Прадед не спешил забирать чернила. Руки не опустели. Джеён так и продолжал сидеть, вперив взгляд в лежащий на столешнице розовый лепесток абрикоса. Раздались шаги, на стол что-то поставили. Джеён неуверенно поднял голову и увидел деревянный поднос, густо покрытый темным лаком. На подносе стояли пузатый глиняный чайник и две чашки ему под стать: такие же пузатые, но маленькие, три глотка будет достаточно, чтобы их опустошить. На узкой дощечке рядом лежали два бисквитных пирожных, щедро посыпанные сахарной пудрой. В разрезе Джеён увидел кусочки бордовой вишни в сиропе.
Он посмотрел на коробочку, которую все еще держал в протянутых руках, а после глянул на прадеда.
Тот выглядел удивленным. Он пренебрежительно окинул Джеёна взглядом, в котором явно читалось: этого недостаточно, чтобы я тебя простил.
Джеён не собирался возвращаться сюда. Не на тех условиях.
– Что? – Прадед отдернул рукав лойицу и потянулся к чайничку. – Так не терпится избавиться от них? Мм?
Голос его, как и всегда, был сильным, твердым и властным. А интонация – бесконечно самодовольная, уносящая его в такие неведомые дали величия, что хотелось извиниться за свое существование. Конечно, она была с щепоткой презрения.
Джеён неторопливо выпрямился и поставил коробочку на стол, смахнув с него лепестки цветков слив и абрикосов, что источали сладкий аромат. Эти деревья круглый год цвели и давали плоды, поскольку питались энергией духов. Джеён поднял пиалу двумя руками и протянул прадеду. О Юма стал наливать в нее светлый горячий чай. Глиняные стенки нагревались медленно.
– Прошу меня простить, господин. – Руки Джеёна никогда не тряслись, а голос не дрожал, когда он говорил с О Юма. Прадед это уважал. Он знал, что младший правнук боится не его, а его заданий.

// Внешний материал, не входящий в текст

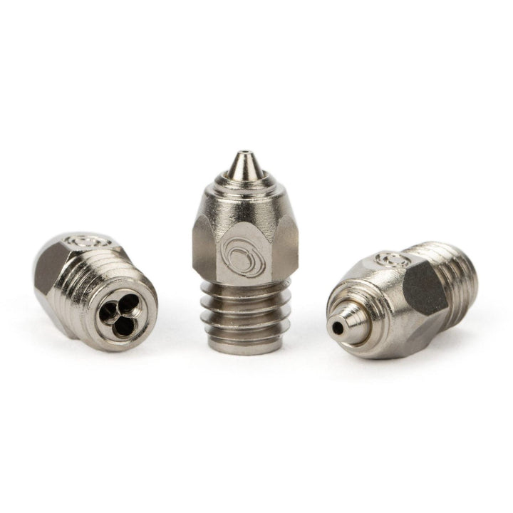 Die CHT®-Düsen teilen das Filament in drei dünne Stränge auf, wodurch es von innen heraus schneller aufschmilzt. Das ermöglicht deutlich höhere Durchflussraten und kürzere Druckzeiten. Die Nickelbeschichtung reduziert zudem das Anhaften von Filament und schützt die Oberfläche vor Korrosion.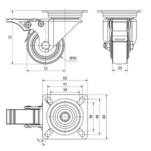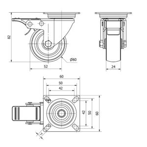 Rueda goma giratoria con freno Alex diametro 60 mm. modelo TW0238

Сэнши-кана ухмыльнулся и налил чай в свою пиалу.
– Осознаешь, какой чести ты был удостоен? – Прадед исподлобья смотрел на Джеёна, периодически отвлекаясь на чай. Он подул на чай, струйки пара подкосило, они мягко обволокли его костлявые пальцы, что сжимали пиалу. – Ты впервые вживую видишь Кровь Тени. Твои братья и некоторые дяди не дожили до этого дня. – Он отпил из чаши и вопросительно кивнул, заломив седую бровь. – Мм?
«И ты недолго проживешь, если что-то сделаешь поперек» – вот что прочитал Джеён в его глазах. Он прокручивал мысль о части чернил в пакетике из-под соевого соуса, которые он в спешке переливал из древней чернильницы, сидя в своем «Хенао», буквально за минуту до приезда прадеда.
Джеён ответил коротко:
– Да, господин.
И отпил из чаши. Чай, настоянный на цветках, с добавлением меда. Нежный и сладкий. Джеён сдул пар и сделал второй глоток. Пустой желудок просил не чай, а хорошей калорийной еды, мяса, овощей, морепродуктов и много-много сладостей на десерт к кофе, ну или даже к такому же чаю. Он так и не успел поесть. Гу разбудил Джеёна почти впритык к приезду прадеда. Важнее было привести себя в порядок, а не утолить голод. Прадеду бы не понравилось, если бы наследник династии Масуми явился с ним на беседу не в идеальном виде.
Нужно было бы спросить, зачем прадед лично хотел видеть Джеёна, но создавалось ощущение, что он сам все скажет. А если нет, то мутить воду заранее или провоцировать его не хотелось. Мечта о том, что прадед забудет об этом диалоге, даже не рождалась.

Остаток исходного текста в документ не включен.